C’est cette dernière équipe, la plus opportuniste des deux, qui se rapproche à grands pas de Méluche, et non le contraire. Mais quelle prestigieuse référence pour lui, que d’absorber bientôt une gamelle de trotskisme dégénéré !

C’est au point que le quotidien national-catholique ‘Présent’ (30 nov. 18) le prend pour cible facile : « Les sondages se suivent, tous plus catastrophiques les uns que les autres. Désormais celui que les Français surnomment, avec une pointe d’ironie « La Méluche » a dégringolé autour de 11 % (sondage du 4 novembre). Plus rien ne semble en mesure de regonfler significativement cette baudruche « insoumise ». On ne se bat pas pour être la tête de liste LFI, aux européennes. Charlotte Girard, qui avait été pressentie, a déclaré forfait. Que s’est-il donc passé pour que le désamour ait été si rapide, avec surtout cette impression d’irréversibilité ? Ce rejet a trois causes au moins : d’abord l’affairisme de LFI, mis au grand jour, ensuite les magistrales erreurs d’analyses, tant en politique étrangère que vis-à-vis du courant populiste, et enfin Mélenchon lui-même. »

Fini ? Je me le demande, quand je l’entends saluer « Marseille immense et rouge » et ainsi saluer bien bas Drieu La Rochelle et son « fascisme immense et rouge »…

Patrick Gofman

  • Patrick Gofman a publié « Le Trotskisme dégénéré » avec Synthèse nationale, et en numérique, 3 € @ amazon.fr.

 

 

Print Friendly, PDF & Email
Share

12 réponses à “Méluche revient-il à son vomi trotsko-lambertiste ?”

  1. DUFAITREZ dit :

    Comme quoi les « Lambert » sont à l’origine de Mélenchon et JMLP !
    Pas les mêmes, bien sûr !
    Quand les extrêmes se touchent !

  2. Patrick Gofman dit :

    Le courageux anonyme « roux », c’est de l’école primaire qu’il s’est fait virer, avant d’avoir acquis un minimum d’orthographe. Quant à moi, j’ai rempli la caisse de Lambert à la sueur de mon front, 12 ans durant. C’est Charles Berg qui la vidait « à des fins personnelles », selon ses aveux.
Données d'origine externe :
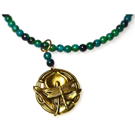 • An intricate Dragonfly rests on a Calla Lily in this unique Nature Motif Pendant in Antique Gold Brass on Chrysocolla beading.
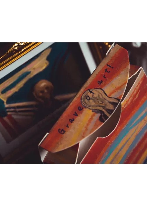 This is a spoof deck by King Star’s design team leader LemonKT. It says limited edition of 50001 on the tuck, but in reality less than 1000 were printed. The joke deck Grave of Art·Scream is a work created by the chief designer of KING STAR, LemonKT, while skiving at work and having nothing to do in his spare time. As you can see, Scream is not a product of serious tribute to art or classic re-enactment, but a spoof! The cheeky designer who is full and has nothing to do has added a lot of graffiti and oil painting elements to the design of the card surface. Finally, what is presented in front of your eyes is this art hodgepodge and destined for the art tombs.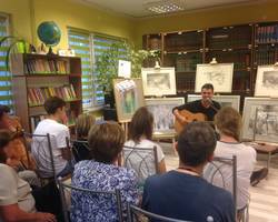 „Skrawek nieba. Poradnik nieporadny”. Pan Jacek przyjechał do Lipowej z gitarą, dzięki czemu zainteresowani mogli także posłuchać wspaniałych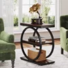 - Elegant sidobord med matt svart metallram och rustik brun bordsskiva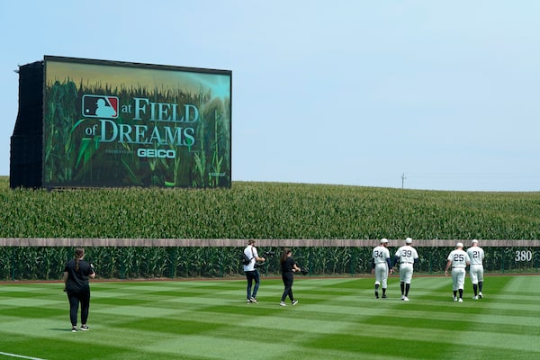 Chicago White Sox players walk on the field before a baseball game against the New York Yankees in Dyersville, Iowa, on Aug. 12, 2021.Charlie Neibergall/The Associated Press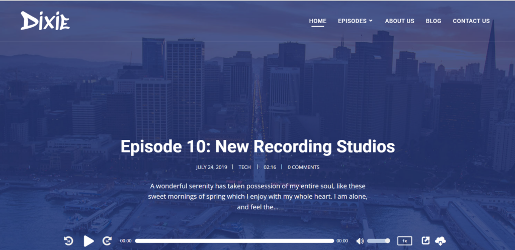Dixie is a WordPress theme made just for podcasters, with an attractive homepage with a fullscreen background and episode player.
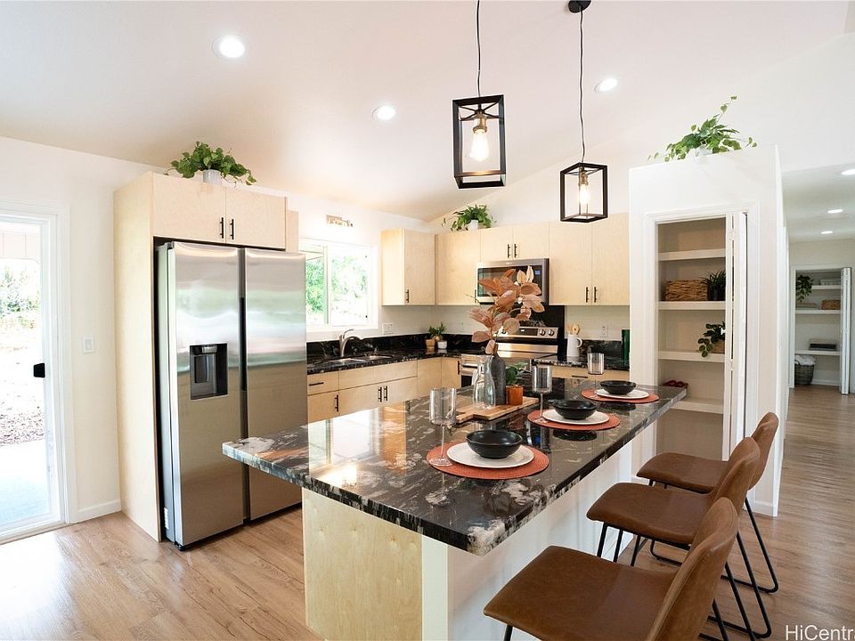 $10,000 CLOSING CREDIT OFFERED! Looking for that 1st home? Rental property? Or just time for an upgrade? Here sits this newly constructed 3-bd 3-ba hm on 1 ac of land in the fast-growing Hawaiian Paradise Park Subdv. W/1286 sqft of living spc, & an addtl 682 sqft of accessory spc, this beautifully designed hm feat titanium granite countertops throughout the kitchen & bathrms; oversized island w/pendant lighting above w/a modern touch for an area to entertain your guests. Laminate flooring throughout the house, & each bathroom custom to allow you to get creative w/your decorative ideas when creating your new space. Your master bedroom incls a walk-in closet w/top shelves, a full bathroom w/large stand up shower, tiled w/exquisite patterns. The addtl bdrms are standard 12x10 & LR inclds an open ceiling concept which leads to the back covered Lanai. Some upgrades that are incld w/this hm is a rock wall in the frontal portion of the lot, a fence that runs perpendicular to the house which has a gate wide enough for a large vehicle to pass through to the back portion of the home. A little over a half an ac is cleared, leaving the back part of the prop lush w/vegetation for extra privacy.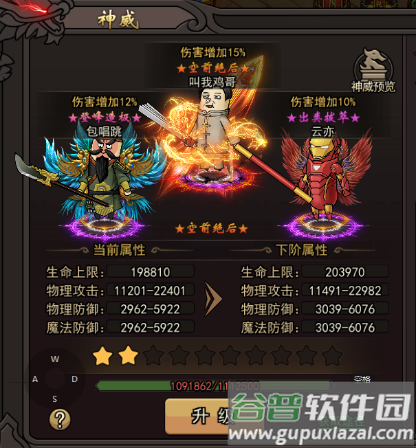 2、完成指定任务获得神威值,提升神威等级并获取属性加成;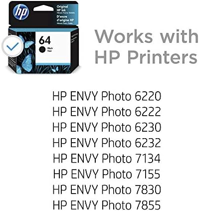 HP 64 | Ink Cartridge | Black | Works with HP ENVY Photo 6200 Series, 7100 Series, 7800 Series, HP Tango and HP Tango X | N9J90AN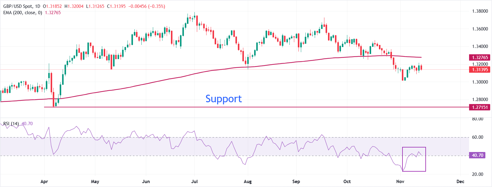 ينخفض الجنيه الإسترليني إلى حوالي 1.3130 مقابل الدولار الأمريكي يوم الجمعة. الاتجاه العام للزوج لا يزال هبوطيًا حيث يتم تداوله دون المتوسط المتحرك الأسي لمدة 200 يوم (EMA)، والذي يقع حول 1.3276.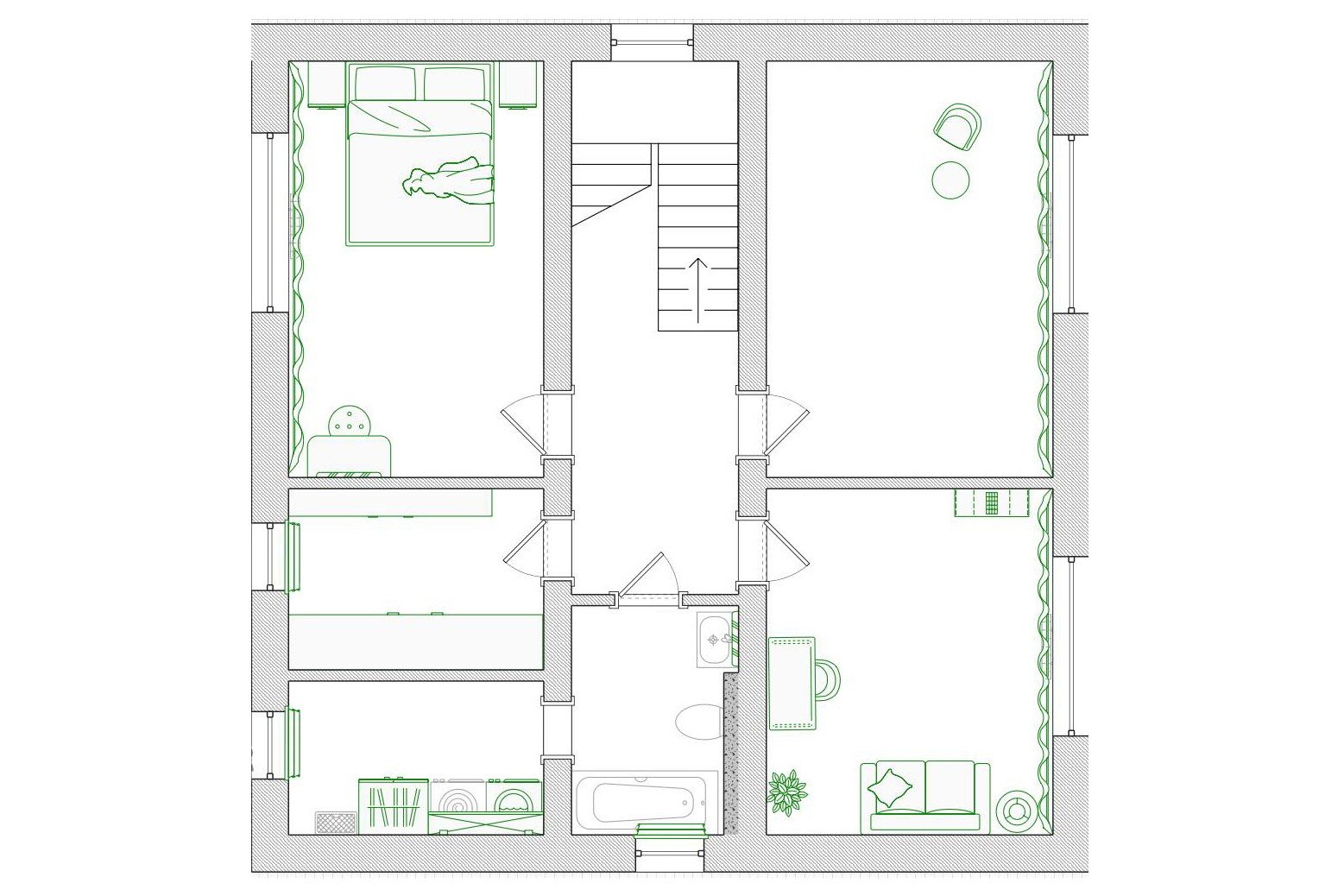 Еще одна комната на втором этаже осталась свободной. Ее назначение определят будущие арендаторы — это может быть детская, второй кабинет или еще одна гостевая спальня.

Et c’est pour avoir publié mon premier roman (« Les Blondes préfèrent les cons »,1979) sans son autorisation que j’ai été viré direct par le Comité central, sans être entendu ! Mieux que chez Staline !

  3. patphil dit :

    mélanchon proclame (un peu vite) que le peuple a changé et qu’il veut ses voix nouvelles!

  4. Gaulois réfractaire dit :

    Son obséquiosité quand il se retrouve face à Maqueron et sont arrogance face au simple flic lors d’une perquisition en disent long sur le personnage.

  5. Arthur dit :

    Melenchon : personnage insupportable, postures detestables. Pour lui être de gauche, c’est caresser le peuple dans le sens du poil mais au final s’en servir comme marchepied aux seules fins de sa gloire personnelle.